Pengidap diabetes harus tetap berkecukupan gizi saat lebaran

Oleh Farah Fuadona pada 04 Juli 2016, 11:46 WIB

Bandung.merdeka.com - Lebaran tinggal dua hari ini. Bayangan akan makanan lezat seperti ketupat, opor ayam, serta sambal goreng ati pasti sudah berada dalam benak. Namun, bagi Anda para pengidap diabetes melitus, tetap harus mewaspadainya. Momen lebaran, pastikan gizi yang dikonsumsi pada makanan tetap cukup.
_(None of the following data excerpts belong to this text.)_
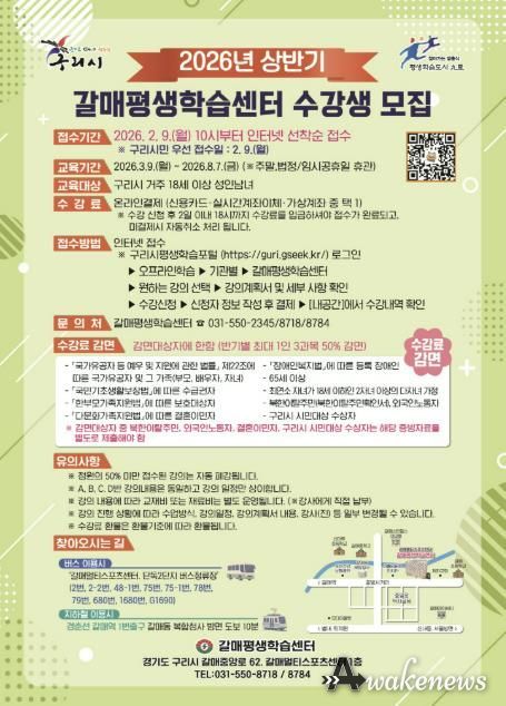 어웨이크뉴스 오경하 기자 | 구리시는 구리시평생학습관, 갈매평생학습센터, 수택평생학습센터에서 운영하는 2026년 상반기 평생학습 강좌의 수강생을 오는 2월 9일부터 모집한다고 밝혔다.
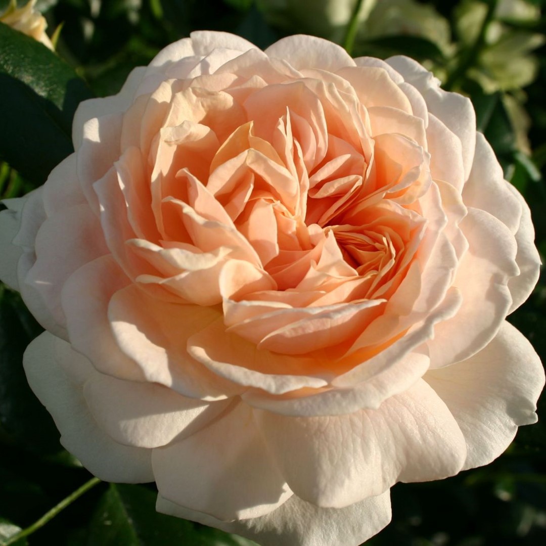 De bloemen zijn lichtroze met een iets abrikoos kleurig hart. Mooi glazend blad. Afkomstig van Kordes rozen.
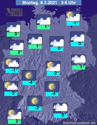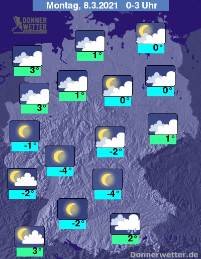 In den Nachtstunden verändert sich an der Wolkenverteilung nur wenig: Im Norden bleibt der Wolkendecke häufig geschlossen oder es ist aufgelockert bewölkt, im Süden wechseln sich verbreitet klarer Himmel mit lockeren Wolken ab. In den östlichen Mittelgebirgen sowie an den Alpen kann in den frühen Morgenstunden etwas Regen, Schneeregen oder Schnee fallen, sonst bleibt es meist trocken.

Kepala Instalasi Gizi Rumah Sakit Hasan Sadikin (RSHS) Bandung, Asep Ahmad Munawar, menjelaskan pengaturan makanan untuk pengidap diabetes adalah 3J, yakni jadwal, jumlah, dan jenis. Pola makan yang baik yakni sehari tiga kali tetap harus menjadi perhatian agar kondisi tubuh masih tetap baik.

"Baik jadwal, jumlah, dan jenis harus diperhatikan. Yang jela pengidap diabetes harus berkecukupan gizi dengan tetap," ujar Asep kepada Merdeka Bandung saat ditemui di Rumah Sakit Hasan Sadikin (RHSH), Senin (4/7).

Selama momen puasa, pengidap diabetes melitus sebenarnya tidak mengalami kesulitan jika menganut pola 3J yang baik. Seperti mengatur pola makan yang baik sehari tiga kali itu bisa diatur dengan menggeser waktu makan pagi, siang, sore menjadi makan sahur, buka puasa, serta makan malam.

Perihal jumlah, jangan sampai makan berlebihan. Apalagi saat momen lebaran makanan yang disuguhkan terbilang kolesterol tinggi yakni dengan banyaknya santan. Untuk itu, sebaiknya jangan sampai tergiur dengan makanan yang akan mengancam kesehatan.

"Jangan lupa tetap mengonsumsi obat sesuai dengan anjuran dokter. Kondisi kesehatan tetap menjadi nomor satu. Porsi makan harus cukup, jangan sampai berlebihan," jelasnya.